Jan Paweł II

„Noli esse incredulus, sed fidelis” – „Nie bądź niedowiarkiem lecz wierzącym” (J 20.27). (…) odczytujemy te słowa wypowiedziane przez Zmartwychwstałego do apostoła Tomasza. Słowa te są niejako programem Chrystusa w stosunku do człowieka.

Oto program wiary: „Błogosławieni, którzy nie widzieli, a uwierzyli” (J 20,29).

Wiadomo, dlaczego Tomasz opierał się. Dlaczego nie chciał przyjąć prawdy o zmartwychwstaniu. Nie różnił się w tym od reszty apostołów. Oni mieli podobne trudności.
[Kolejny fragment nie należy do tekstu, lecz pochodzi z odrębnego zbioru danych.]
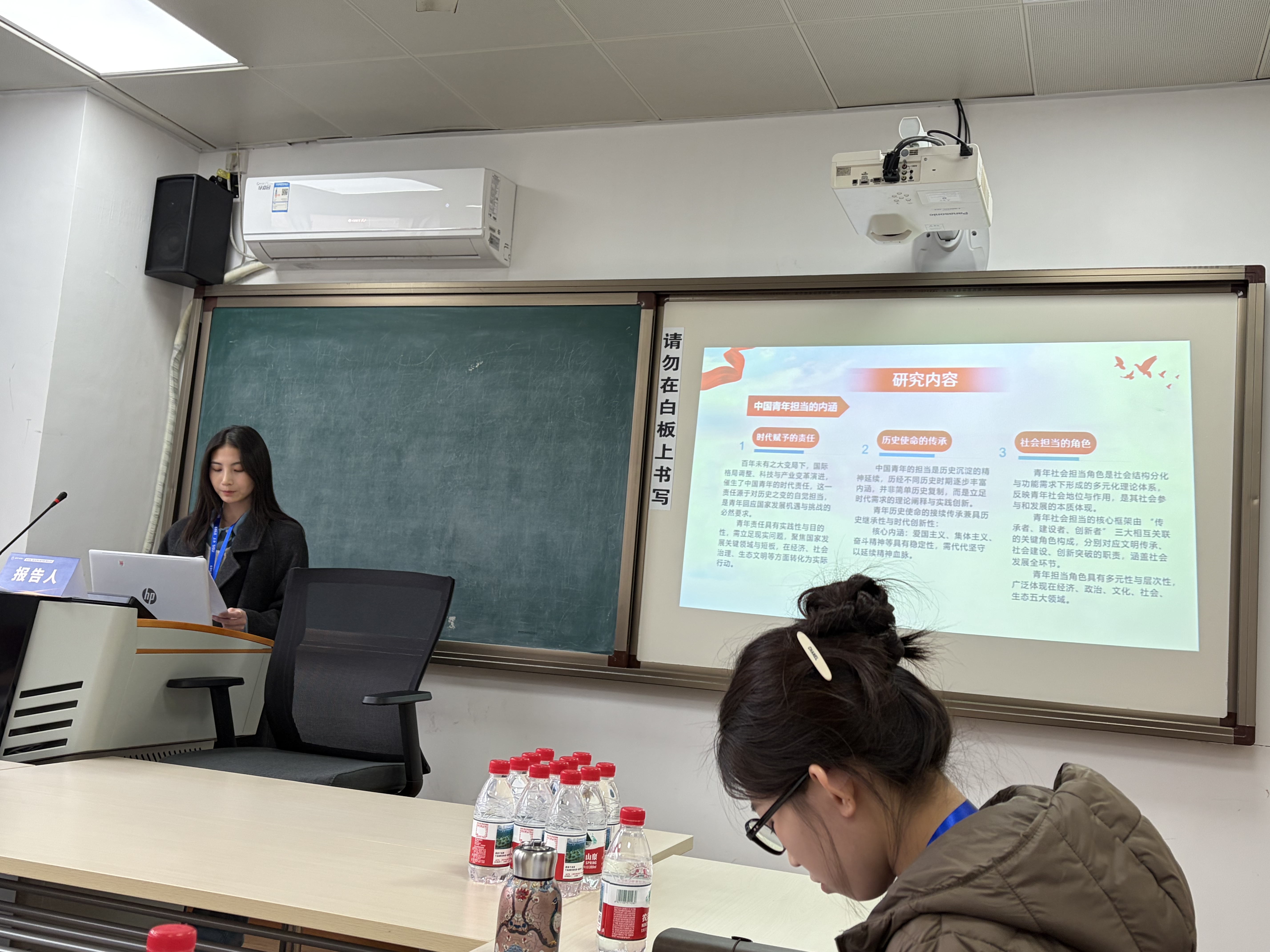 下午分为青年圆桌对话+分论坛研讨,围绕“历史中国与当代中国的青年阐释”“数字人文与世界中国学研究”“跨学科视角下的世界中国学相关问题解析”“文明互鉴视野中的世界中国学研究”“世界中国学学术共同体的青年建构”“历史中国与当代中国的贯通路径”等展开专题研讨。我院2024级研究生胡元雨撰写《中国式现代化进程中青年的担当意识及其培育研究》一文,并在专题论坛5:历史中国与当代中国的青年阐释进行交流发言。

Tak bardzo fakt zmartwychwstania przerastał świadomość konieczności śmierci i nieodwracalnych jej konsekwencji. Tak bardzo był trudny do wyobrażenia. Człowiek raz umarłszy więcej nie żyje już wśród ludzi, nie znajduje swego miejsca wśród żyjących na ziemi.

Apostołowie przyjęli rzeczywistość zmartwychwstania opierając się na doświadczeniu Chrystusa Zmartwychwstałego. Ujrzeli Go o śmierci pośród żyjących na ziemi, w Jerozolimie, w Wieczerniku, nad jeziorem w Galilei. I musieli dojść do tego wniosku, że „Chrystus powstawszy z martwych już więcej nie umiera…”, że „śmierć nad Nim nie ma już władzy” (Rz 6,9), że On stał się Panem śmierci.
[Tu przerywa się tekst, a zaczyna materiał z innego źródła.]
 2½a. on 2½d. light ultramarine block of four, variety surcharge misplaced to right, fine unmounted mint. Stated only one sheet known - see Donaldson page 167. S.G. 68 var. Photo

Tomasz nie był z nimi, gdy po raz pierwszy przyszedł do Wieczernika Chrystus. Stąd jego opór. Jego „niedowiarstwo”. Żądał dowodu. Takiego samego, jaki oni już otrzymali. Nie wystarczyły Tomaszowi ich słowa, ich informacja. Chciał się osobiście przekonać. I otrzymał, czego żądał. Jego „niedowiarstwo” stał się niejako dodatkowym dowodem.
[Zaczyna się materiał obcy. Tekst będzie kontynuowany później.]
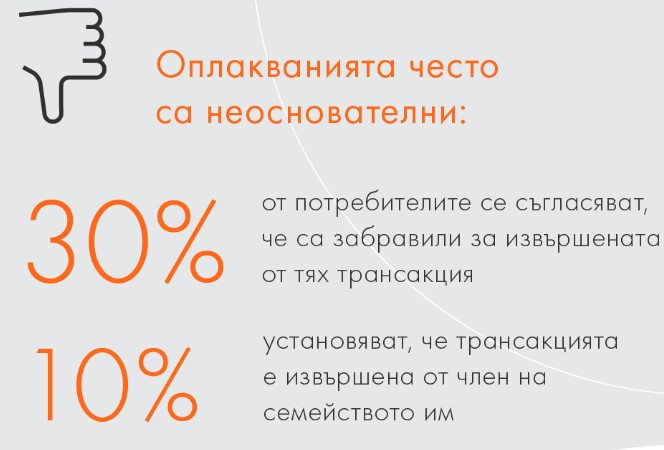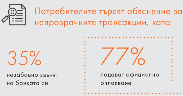 При установяване на неясна трансакция, почти шест от всеки десет потребители в Европа успяват след време да си припомнят покупката си, 6% не предприемат нищо, разяснение от търговеца търсят 6%, а от банката - 35%.

Zwracano na to nieraz uwagę. Właśnie przez to, że się opierał wieści o zmartwychwstaniu, przyczynił się pośrednio do tego, że wieść ta nabrała jeszcze większej pewności. Tomasz „niedowierzający” stał się jakby szczególnym rzecznikiem pewności zmartwychwstania. Jak stwierdza św. Grzegorz Wielki: „więcej bowiem niewiara Tomasza do wiary nam pomogła, niż wiara innych uczniów. Gdy bowiem ten przez dotknięcie wiarę odzyskał, nasz duch, wyzbywszy się wszelkich wątpliwości, umocnił się w wierze. (…) I tak uczeń, który wątpił i dotykał stał się świadkiem rzeczywistego zmartwychwstania”.

(…)

Chrystus mówi do Tomasza: „Noli esse incredulus, sed fidelis” – „Nie bądź niedowiarkiem lecz wierzącym”.

Wiara jest – i nie przestaje być nigdy – programem Chrystusa w stosunku do człowieka.

„Błogosławieni, którzy nie widzieli (tak jak Tomasz), a uwierzyli”.

Wiara jest celem Zmartwychwstania. Jest jego owocem.